One way is through defining your institution’s risk appetite. Various scenarios processed through stress testing provide different insights. Assessing the results of an adverse scenario (defined as a relatively cyclical economic downturn) will give an indication of how your institution fares in terms of income, losses and capital position. At the institutional level, these results can be assessed against the institution’s risk appetite. This appetite, perhaps only defined as a preferred Moody’s/S&P rating, now has a level of performance associated with it. Credit, Market and Operational losses can be associated with this level of appetite. As future scenarios are processed, similar measures can be compared to provide some confidence around this appetite of risks. As the process evolves, losses across risk categories can be assessed at divisional or product levels, offering possible risk appetite thresholds which can be monitored and measured over time.
Similarly, multiple strategies can be assessed across scenarios to understand potential impacts. It’s no surprise that strategies appearing profitable in good times could quickly erode, should the economy take a turn for the worse; however not all strategies have the same sensitivities. As a matter of fact, some strategies may have resilience in certain downturns that make them even more advantageous. Through stress testing, these behaviors can be better understood and provide management with useful information as they assess which strategies are deserving of capital support.
You will be participating in a panel discussion that provides dialogue around lessons learned in CCAR implementation – What are some of your lessons learned (the good, the bad or the ugly)?
DB: I think in this cycle, we really experienced the importance of process. With high capital levels and a ‘survivor-biased’ loan profile, the last couple stress tests have shown that it seems to be less about the quantitative aspects and more about the qualitative; it's about your ability to do the work, and do it effectively and efficiently. It's about establishing a process and managing the handoffs and timelines within it. When you have that established, heightened focus can be placed on the analysis.

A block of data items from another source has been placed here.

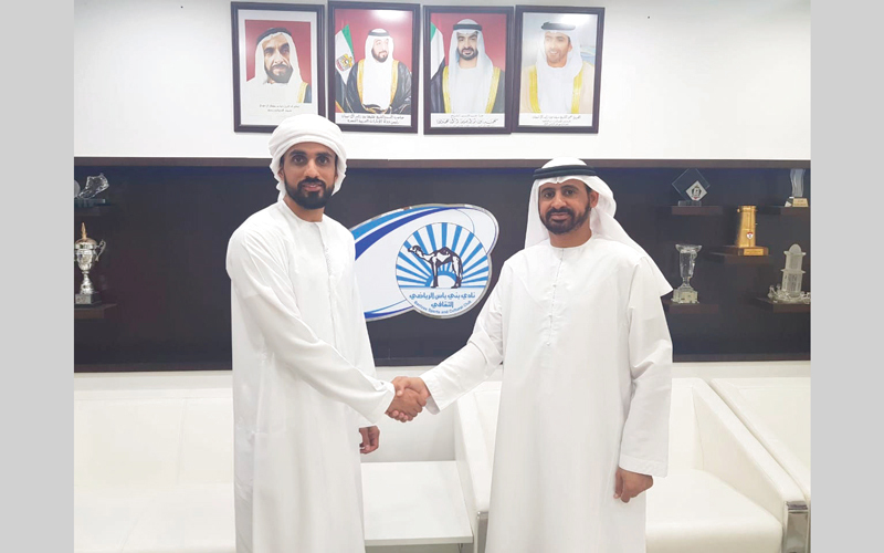 الحارثي والحمادي بعد توقيع العقد. من المصدر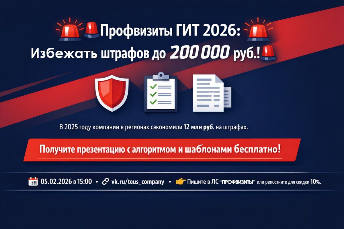 ! 🚨 Уважаемые руководители компаний, начальники отделов по охране труда и специалисты! ⚡️В 2026 году плановые проверки заменены обязательными профвизитами — это шанс на бесплатную консультацию вместо штрафов. ⚠️Не ждите "приглашения" от ГИТ: узнайте категорию риска и подготовьтесь заранее. ❗️ВЕБИНАР "Профилактические визиты 2026"❗️Трансляция на нашем втором канале - https://vk.ru/club233600009 ☄️Практический разбор для вашего бизнеса: • Категории риска и как снизить свою. • Пошаговый алгоритм: от самооценки до акта визита • Образцы заявлений на замену проверки профвизитом • Чек-лист инспектора и топ-ошибки 2025 года ⁉️Почему это выгодно: В 2025 году в Севастополе, Крыму и регионах компании сэкономили 12 млн руб. на штрафах (130 000 руб. за обучение, 200 000 за СОУТ). Получите презентацию с алгоритмом и шаблонами бесплатно! 📅 Дата и время: 05.02.2026 в 15.30✅ 📎 https://vk.ru/club233600009 👉 Пишите в ЛС "ПРОФВИЗИТ" или репостните для скидки 10% на услуги по охране тру
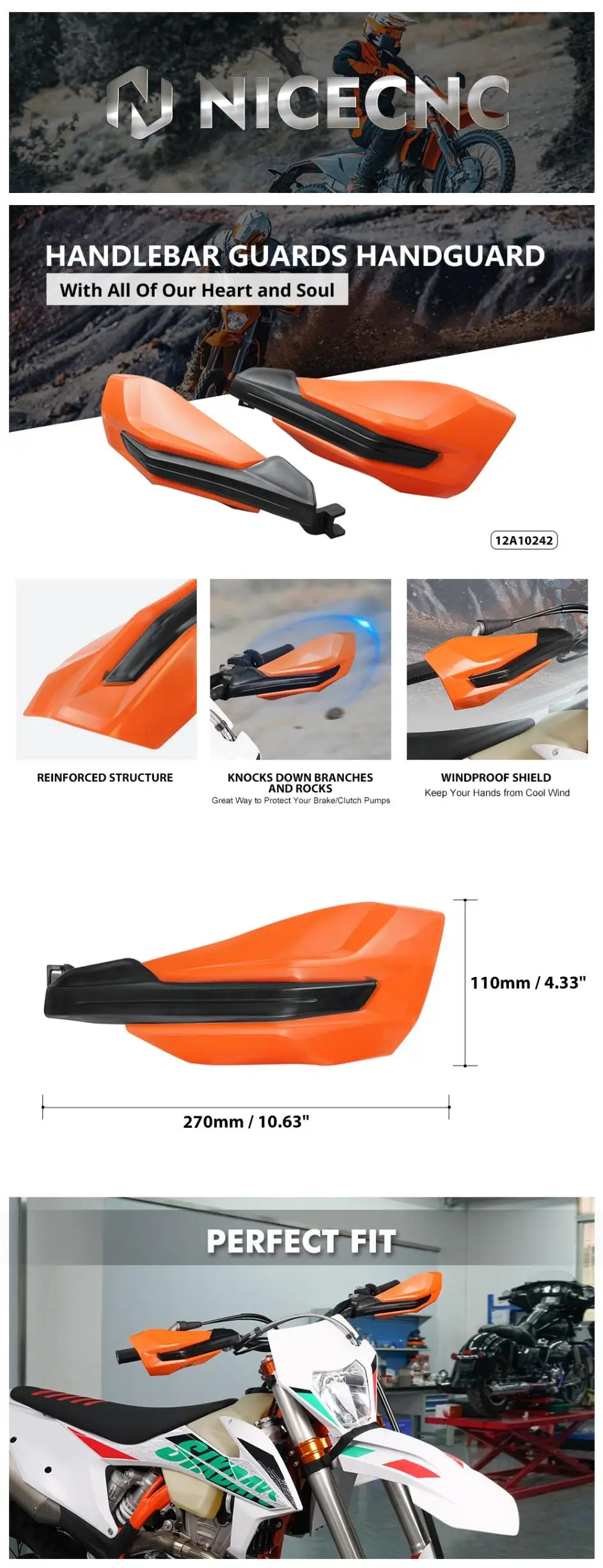 NiceCNC Handlebar Guards Handguard for KTM 125-500 XC/XCF/XCW/SX/SXF/EXC/EXCF/TPi/6D 2014-2023

I think all institutions have learned this one, but it's the most difficult to adhere to; you have to document your assumptions. I’m sure many institutions have learned that if it’s not documented, it didn't happen...or at least you can't show it to the regulators, or to internal audit for that matter. The difficulty is how to document all your assumptions and work in a digestible way. I can see this aspect going through many evolutions as institutions work to make the submissions as clear and concise as possible.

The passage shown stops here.